Both the onshore spot yuan and its offshore counterpart slipped to their softest levels against the dollar since

Nov. 4, 2020. Onshore yuan weakened to a low of 6.6982 per dollar at one point in early trade, not far from the psychologically important 6.7 per dollar, with some market participants saying a breach of the key threshold could prompt further losses.

Its offshore counterpart eased to 6.7338 per dollar.
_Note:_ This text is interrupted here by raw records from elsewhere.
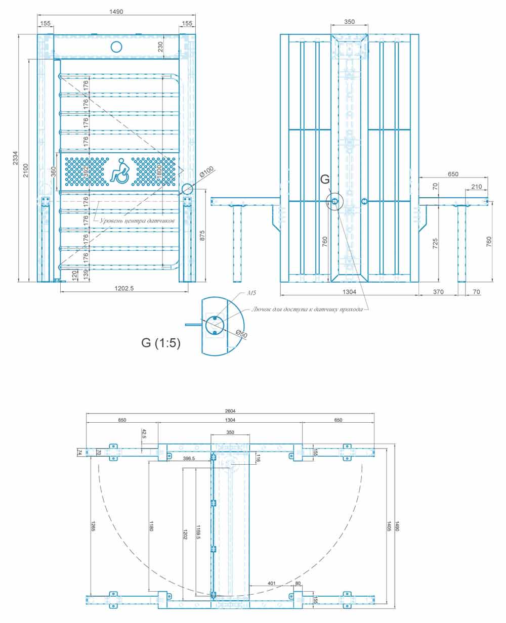 • Надежная безопасная конструкция — сварная рама из нержавеющей стали, защита от пыли/влаги IP 54. Установка в помещениях и на улице (требуется навес). Отсутствуют травмоопасные элементы для маломобильных групп населения. Световой сигнализатор направления прохода.
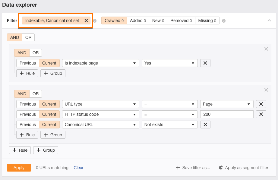 Ahrefs 网站审计数据浏览器截图,显示索引性和规范问题的筛选器。
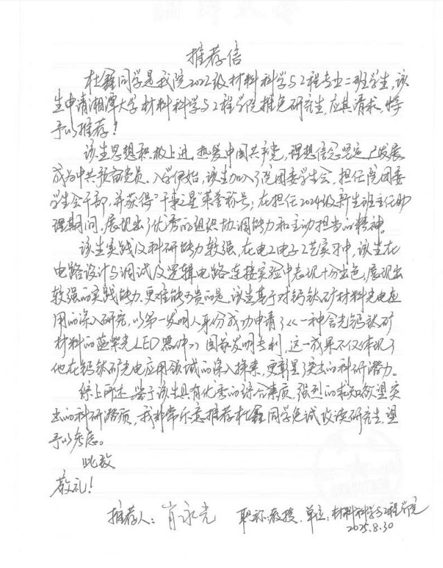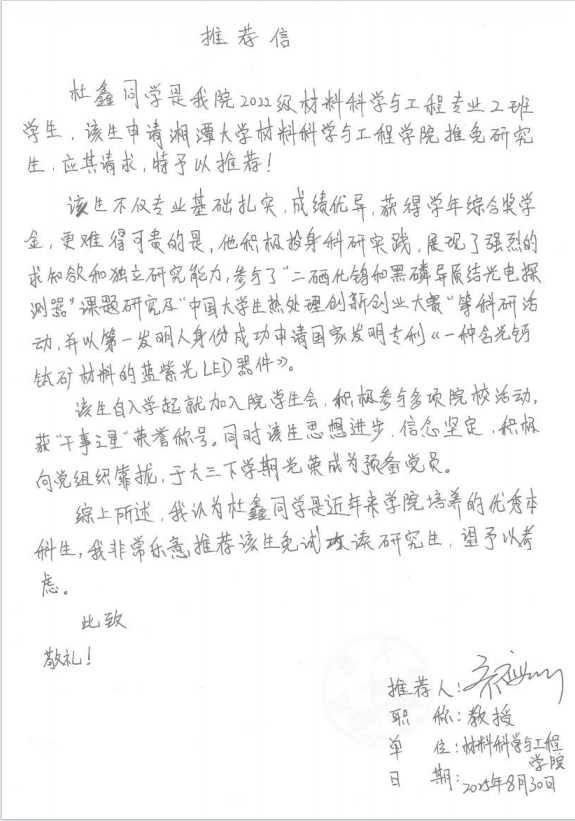 表4:yl23455永利官网推荐优秀应届本科毕业生免试攻读研究生教授联名推荐信

Xing Zhaopeng, senior China strategist at ANZ, said broad dollar strength in light of the hawkish stance adopted by the Federal Reserve piled pressure on the Chinese currency.

“Currently, the yuan is bearing the most depreciation pressure, and such stress may ease in the third quarter of this year,” Xing said, expecting the yuan to trade in a range of 6.6 to 6.8 by end-June.

China’s yuan extends losses, set for worst month in 28 years

Xing and several currency traders noted companies will soon start making dividend payments to overseas shareholders, and such dollar demand could weigh further on the yuan.

Separately, Beijing’s pledge to fight any comments and actions that distort, doubt or deny the country’s COVID-19 response policy also dented market sentiment, traders said.

Lockdowns in dozens of cities across the country, stringent prevention pressures and mobility restrictions have prompted heightened investor concern over wider disruption to economic activity.